The show begins when a woman enters wearing a complicated wrap-dress of bright pink and gold, and lavish gold chains around her ankles, wrists, and neck. Circling her waist is a ribbon of bells that punctuates her movements with jingles. She crosses the floor slowly and obliquely, with angular steps and extreme archings of her joints. This makes her body seem, throughout the piece, like a roaming stack of triangles. Alongside the Indian tambura music and chanting that emanates from the speakers, she pauses occasionally to arrange herself into particular shapes, which, by their exactness and difficulty, I assume have specific cultural/religious meanings. Her eyes and hands each do their own complex dances. These too, I think, along with the costumes, have in them an entire language.
But it's a language I don't know, and Trinayan Dance Theater did little to help me translate. In the program was a brief cultural explanation of the references, and a few definitions of certain religious figures, but I was unable to connect these with moments in the dance. This is a legitimate choice, and maybe even the best one, just to present the work traditionally and let the audience observe, but inevitably it then felt foreign. My interest in it was an attraction to that which feels "exotic"—i.e., good not by any confident standards I hold but because it is different from what I know.
So I experienced Swaha in much the same way I experience the Indian Art section of the Met. I studied elements of the work at random, hoping something would guide me toward meaning. I drifted, made sweeping guesses at the pieces' intentions, then gave that up.

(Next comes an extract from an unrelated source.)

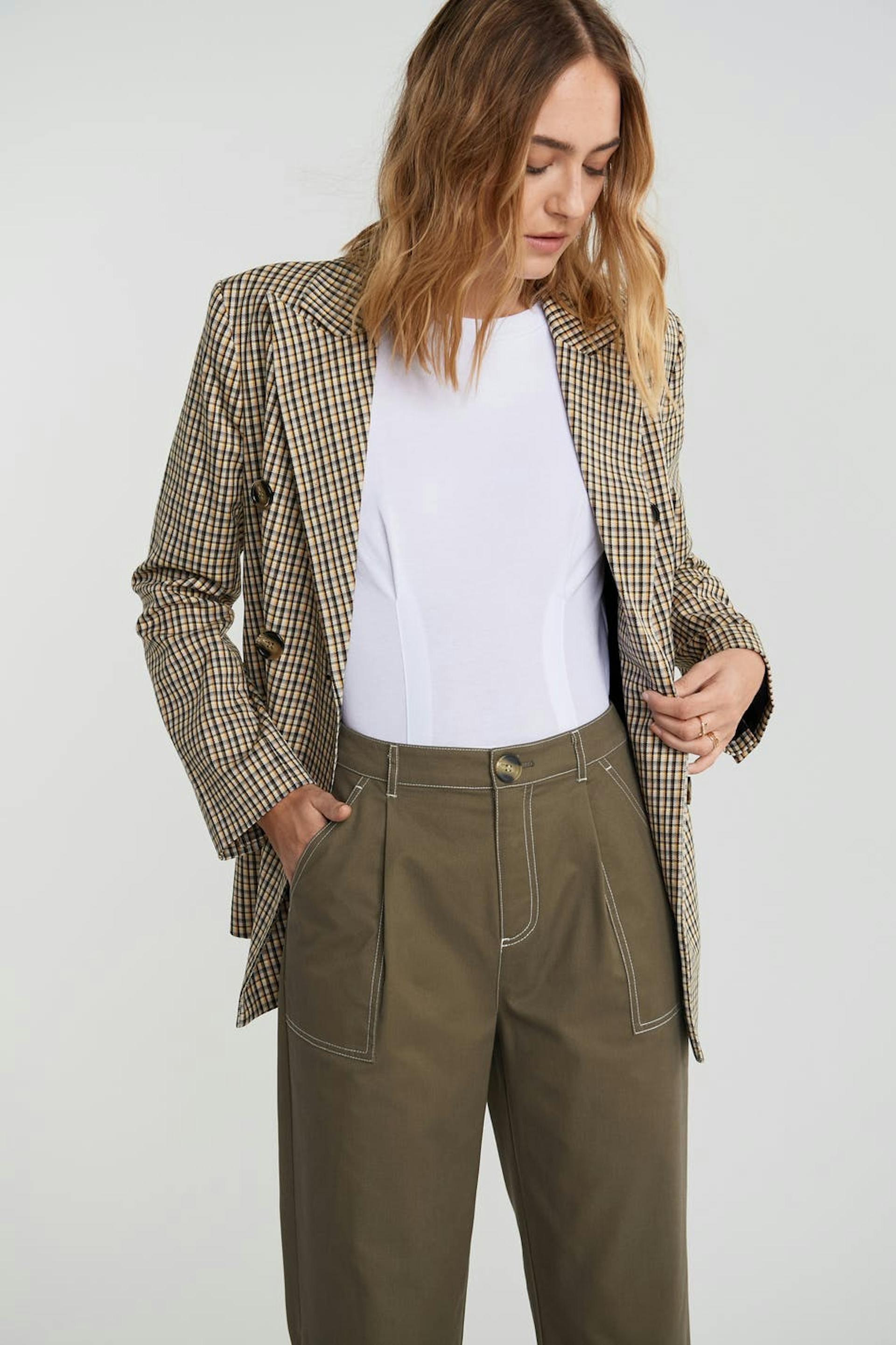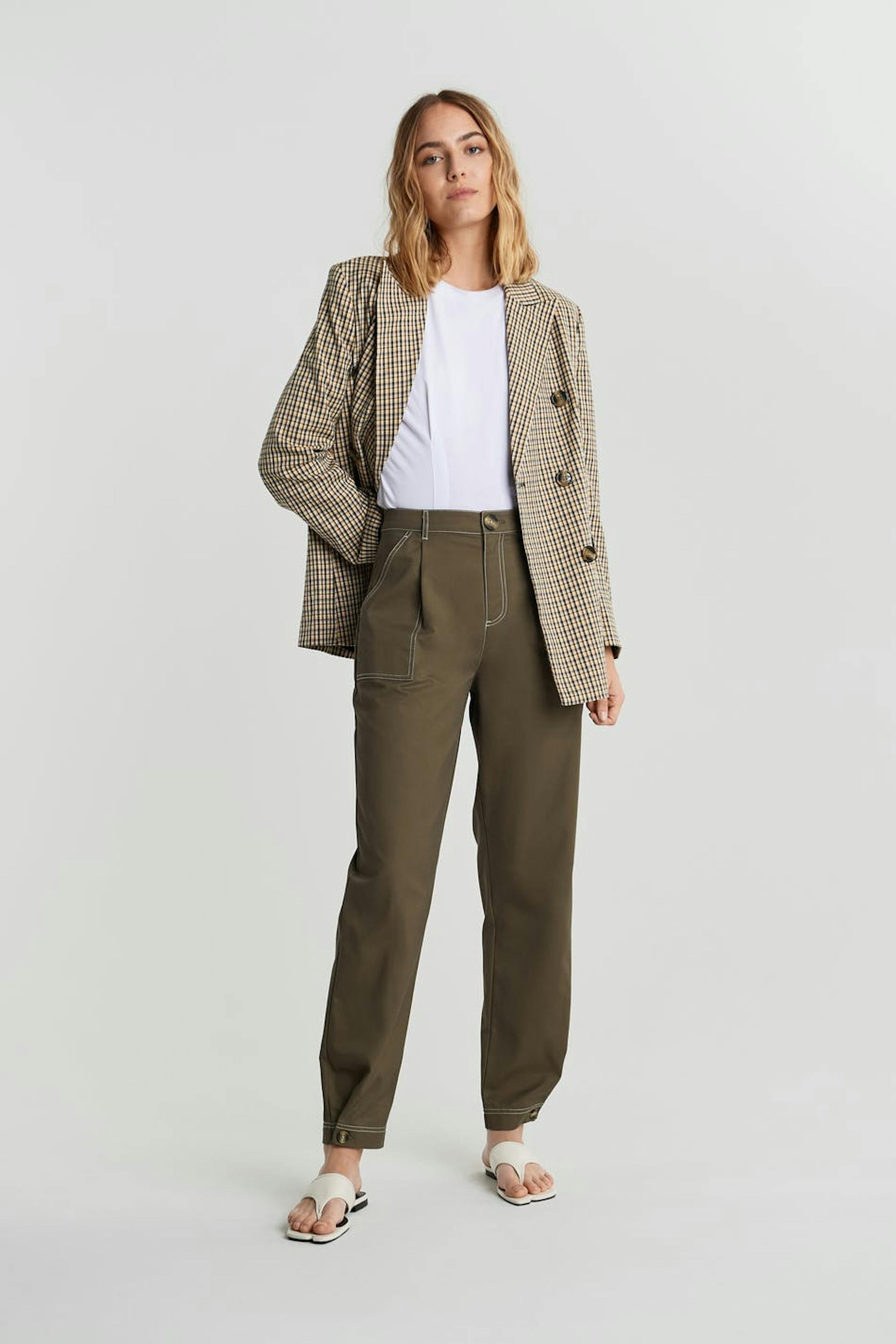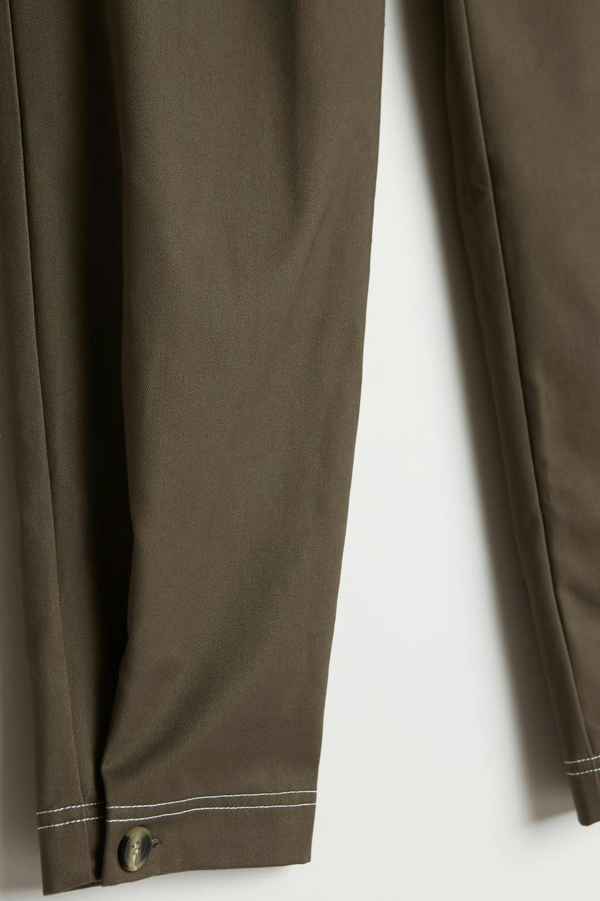 Trousers with a cargo design. The trousers are brown and have a high waist. They have a tapered leg, defined side pockets, a button at the end of the legs and longer leg length. Perfect for those who are 175 cm (5 ft 9 in.) or taller.

And, as in the Met, I ended up latching onto the creative quality that never fails to enchant me: precision. I find it nearly impossible to be precise in anything—handwriting, dance moves, recipes—and so whenever I encounter something toiled over with precision, especially an activity that has no immediate importance to me, I have questions. Why would you learn to place your right foot flat against your hip, while standing, then twist your arms up like cranes above your head, freeze your eyes down at their corners, and hold the pose for over a minute? Why spend a quarter of a dance piece in a near frozen position? Why bells?
I have an anthology of Indian Love Poetry, and in its introduction it says that Indian aesthetics focus on humans perfecting the state of longing and separation (from a lover or from God). This doesn't help much with the symbolism, but it offers a kind of window. The great characters of the West fight hard to defeat and end their longing and separations. I think I, and most everyone I know, do the same. I don't know why you'd try to perfect your longing, but the idea intrigues me. I don't know if my anthology is right on, but in Swaha I did see patience, detail, and the attempted perfection of things as strange to me as longing.